Ahırların orada bekleyen erkeklere de bilgi verildi. Tehditlerin atlara yönelik olmadığını anlayınca, Ali’yi ahırda Yakup ile bırakmaya karar verdiler. İkisi de burunlarının dibindeki haini fark etmedikleri için pişmanlıkla özür dilemişti. Son yaptığı iki atın arpalanmaya yakalanmasında ise ikisi de kabahatlerinin farkındaydı. Recep’e bırakmışlardı bazı basit işleri. Ekmeğine yağ sürmek bu oluyordu işte. İkisinin de güvenini suiistimal etmişti pislik.  
Mehmet Ali, Recep’i neredeyse sürüklüyordu. Onun elinden kaçması mümkün değildi. Yine de İlkay’ın arkadaşlarından biri onunla köye kadar yürümeyi teklif edince kabul etti. Önde Ece ile Toprak arkada diğer grup yürüyordu.
Toprak sinirini biraz boşaltmış olmanın rahatlığı ile Ece’nin omzuna kolunu atmıştı.  Ece hala titrese de biraz rahatlamıştı. Şaraphanenin önünden geçerken şöyle bir bakıp kafasını çevirmişti ki bir tuhaflık fark etti. Emin değildi ama sanki kapı açıktı. Omzundaki koldan kurtulup kapıya doğru yürüdü. Elbette Toprak da takip etti. Mehmet Ali arkalarından “Ne oldu? Biri mi var?” diye seslenince ikisi de “Bilmiyoruz” diye yanıtlayıp yürümeye devam etti.  

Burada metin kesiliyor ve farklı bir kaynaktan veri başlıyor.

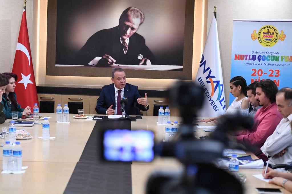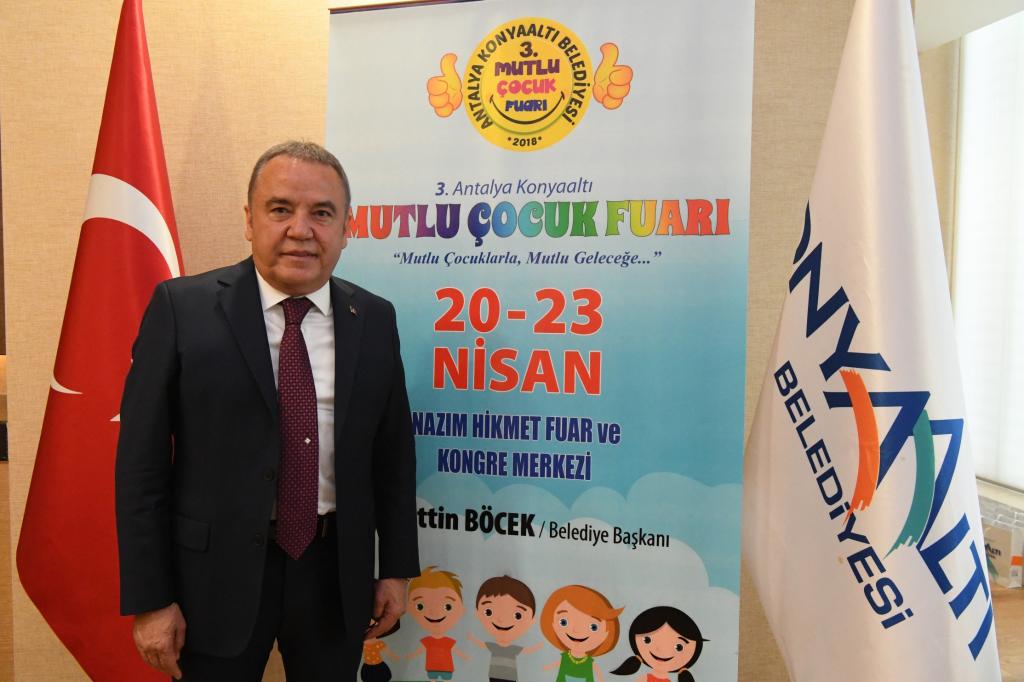 Başkan Böcek şöyle konuştu, “Türkiye Unisef Türkiye Milli Komitesi’nin de destekçisi olduğu Antalya Konyaaltı Mutlu Çocuk Fuarı’nda masallar ülkesi kahramanları ile canlı masal sayfası içinde tiyatral oyunlar, decathlon, minyatür futbol, basketbol, masa tenisi, badminton ve trambolin, paten, scooter, okçuluk ve dark etkinlikleri yer alacak. Ayrıca çocuk istismarına karşı yaptığı çalışmalarla bilinen Saadet Özkan, Akademisyen Anne Doç. Dr. Saniye Bencik Kangal, Oyuncu Anne Şermin Yaşar ve Ceyda Düvenci gibi bir birinden ünlü isimlerde söyleşileriyle aileleri bilgilendirecekler.”

İlkay’ın arkadaşlarına köye devam etmelerini söyleyen Mehmet Ali onlara katılmak için şarap fabrikasına doğru döndü. Tam fabrika kapısına yaklaşmıştı ki patlayıcıların yanmaya devam eden fitilini fark etti.
“Dinamit koymuşlar” diye bağırması ile Ece ve Toprak’ın onun işaret ettiği yöne bakıp geri kaçmaları bir oldu.

On saniye sonra büyük bir patlama yaşandı.